» What to do: Copy the lines below, word for word, from the first through the line containing "Rozbudź kreatywność swojego". Leave the pictures out.

» Available data:
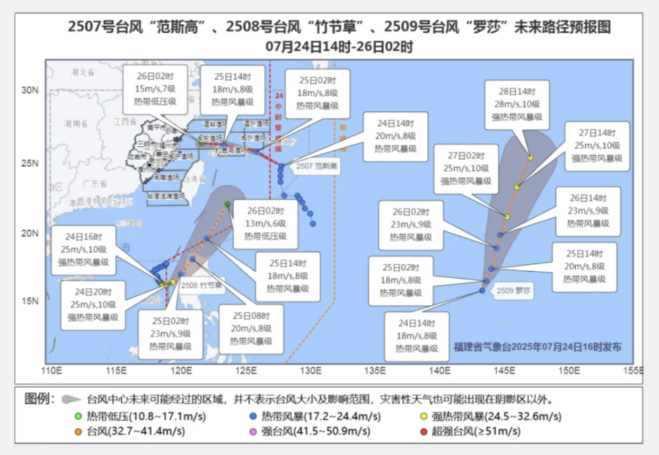 气象部门预测,“范斯高”26日靠近闽浙沿海时,强度将明显减弱,可能在近海徘徊或消散,也不排除登陆的可能性,甚至还可能与“竹节草”环流合并。届时,东南沿海将迎来连日阵性风雨,先刮风后降雨,强降雨范围不是很大,但沿海局地可能较强。
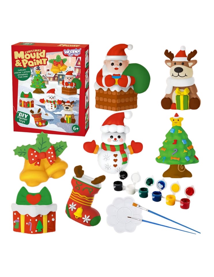 Rozbudź kreatywność swojego dziecka i wprowadź je w magiczny klimat świąt z wyjątkowym zestawem Mould & Paint Christmas DIY! od marki Woopie Ten świąteczny zestaw plastyczny pozwala stworzyć własne figurki z gipsu – wystarczy użyć formy, wymieszać gips, wlać go do foremek i po wyschnięciu pomalować gotowe kształty według własnego pomysłu.
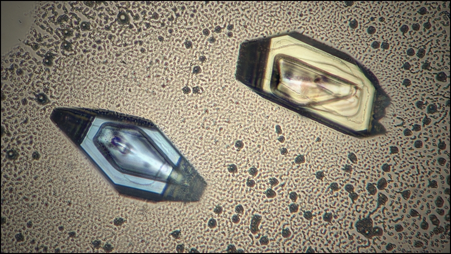 wenn ich die Hintergründe der letzten beiden Bilder so vergleiche, so sehe ich da eigentlich keinen großen Unterschied in der Farbe. Wenn die Kristalle verschiede Farben haben, so liegt das wohl daran, dass sie unterschiedlich dick sind.
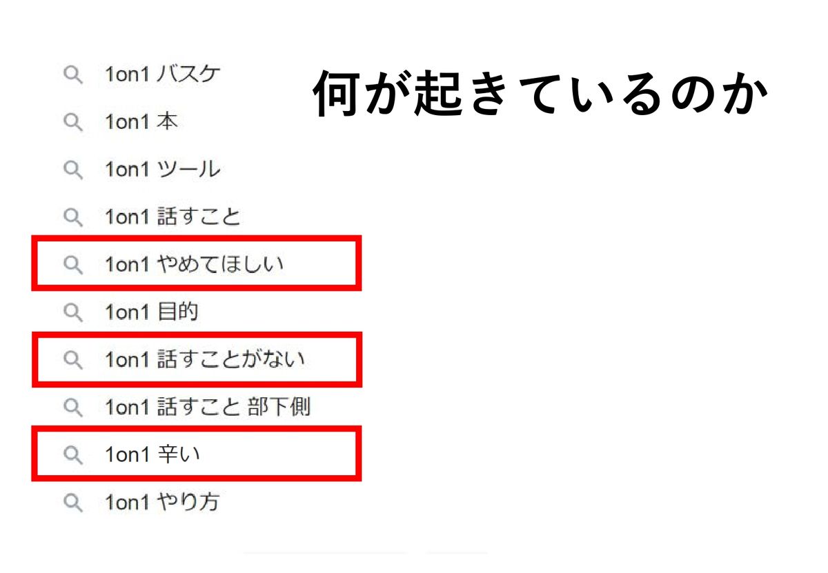 実際、「1on1」でGoogle検索をしてみると、予測入力で「やめてほしい」「話すことがない」「つらい」といった言葉がずらーっと出てきました。これは一般的に検索されている言葉なので、つらいと思っている人が多いのかなと。もしかしたらバスケの1on1のことを言っている人もいるかもしれませんが(笑)。
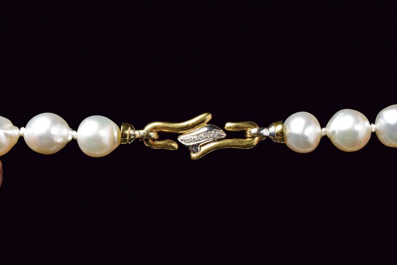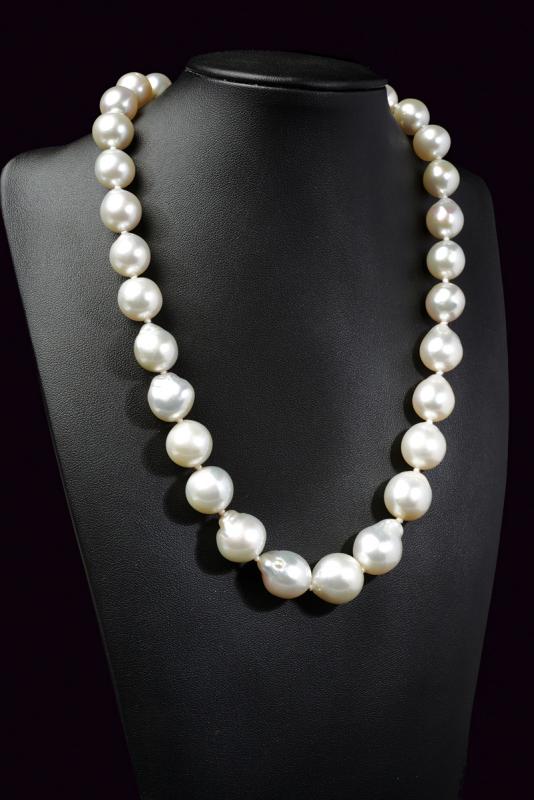 COLLANA formata da ventinove perle australiane degradè da mm 12/17, fermezza in oro 750/000 con piccoli diamanti taglio brillante. Lunghezza cm 46, peso 92 gr
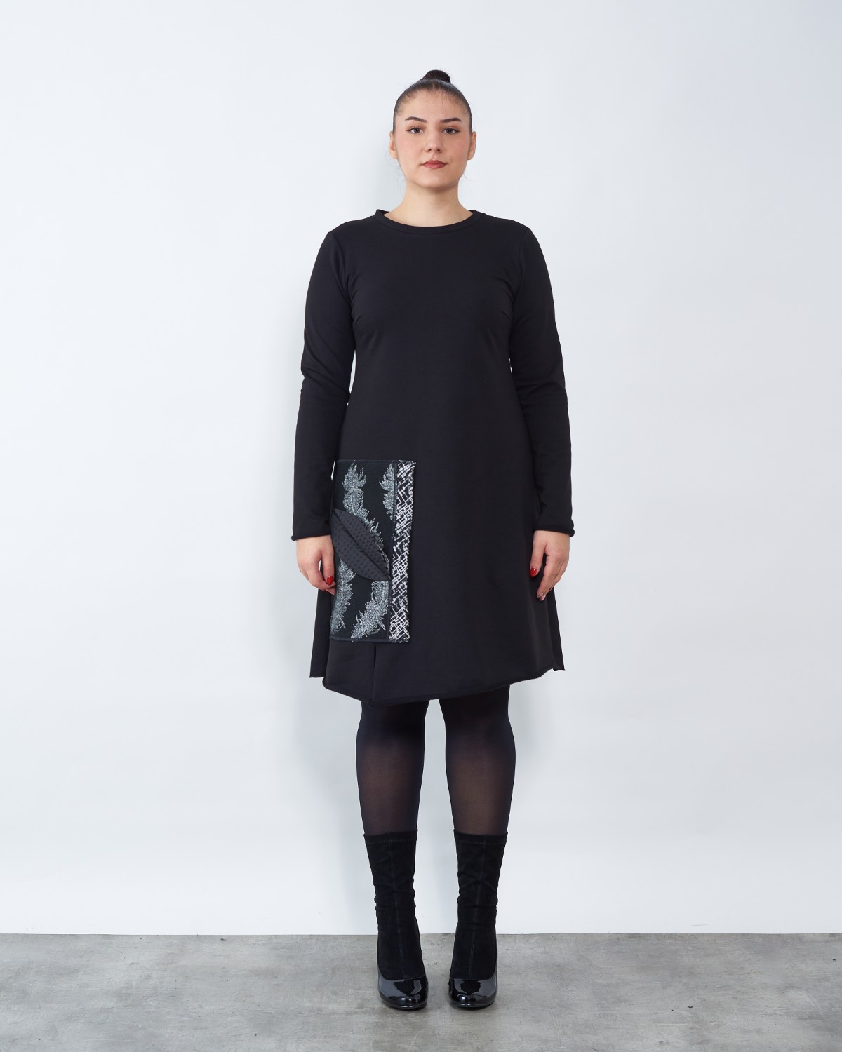 Crni pamuk sa elastinom krasi crno-bijeli umetak.
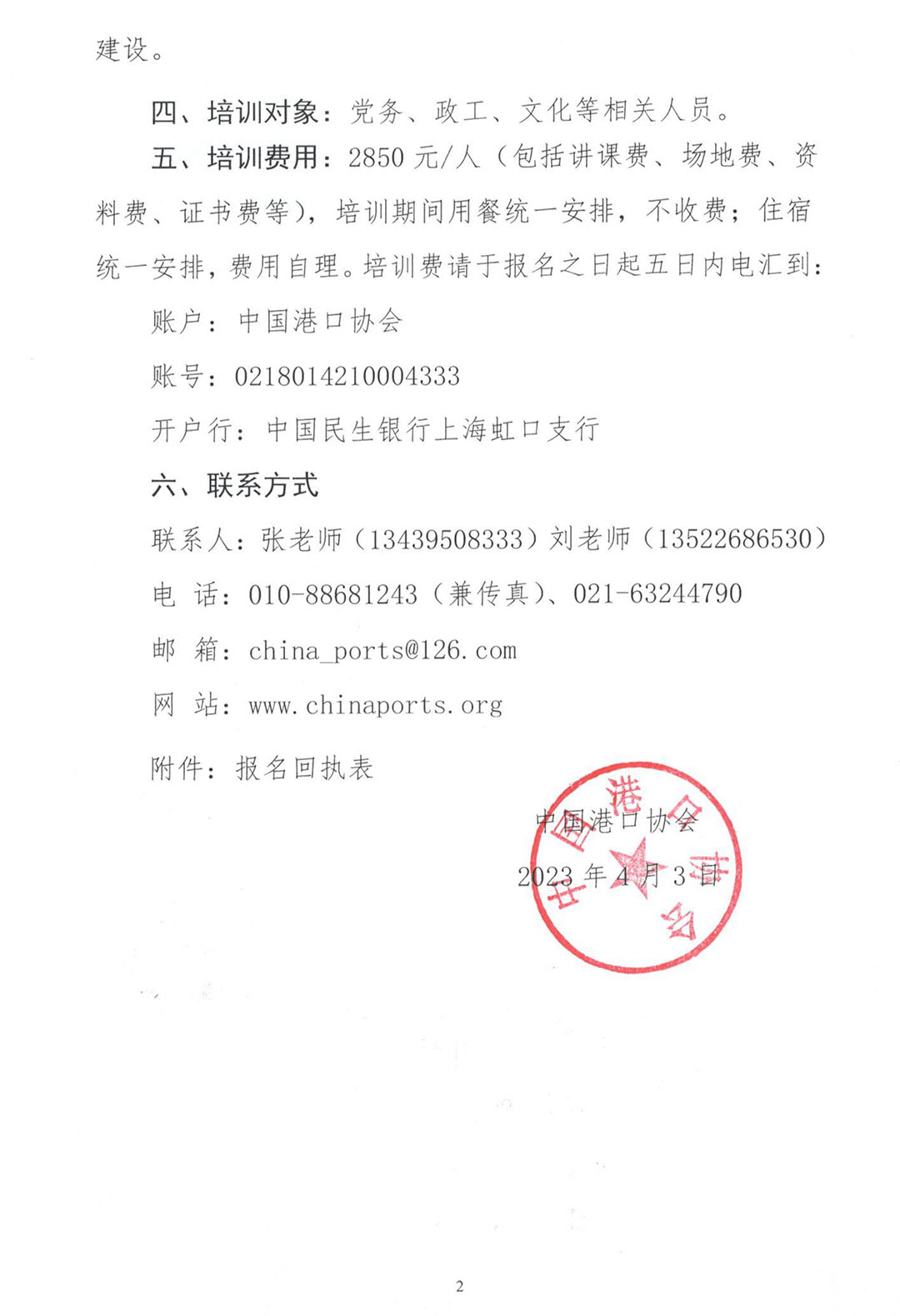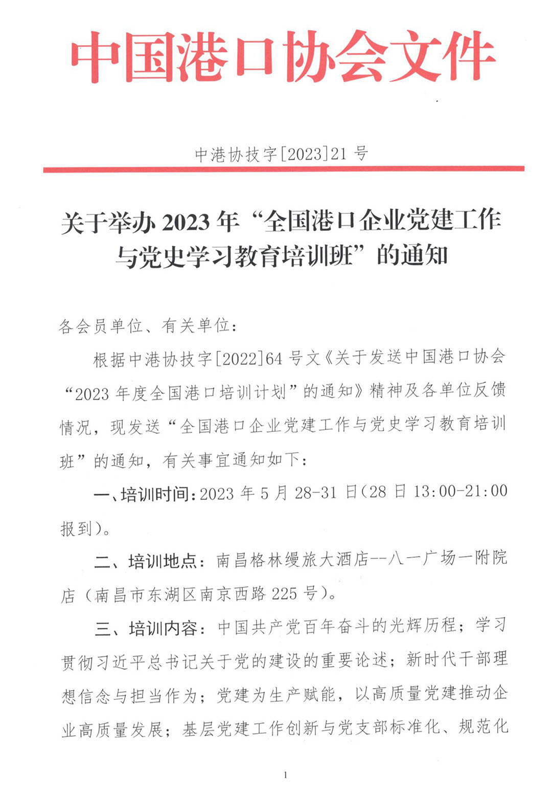关于举办2023年“全国港口企业党建工作与党史学习教育培训班”的通知

» Your response:
 气象部门预测,“范斯高”26日靠近闽浙沿海时,强度将明显减弱,可能在近海徘徊或消散,也不排除登陆的可能性,甚至还可能与“竹节草”环流合并。届时,东南沿海将迎来连日阵性风雨,先刮风后降雨,强降雨范围不是很大,但沿海局地可能较强。
 Rozbudź kreatywność swojego dziecka i wprowadź je w magiczny klimat świąt z wyjątkowym zestawem Mould & Paint Christmas DIY! od marki Woopie Ten świąteczny zestaw plastyczny pozwala stworzyć własne figurki z gipsu – wystarczy użyć formy, wymieszać gips, wlać go do foremek i po wyschnięciu pomalować gotowe kształty według własnego pomysłu.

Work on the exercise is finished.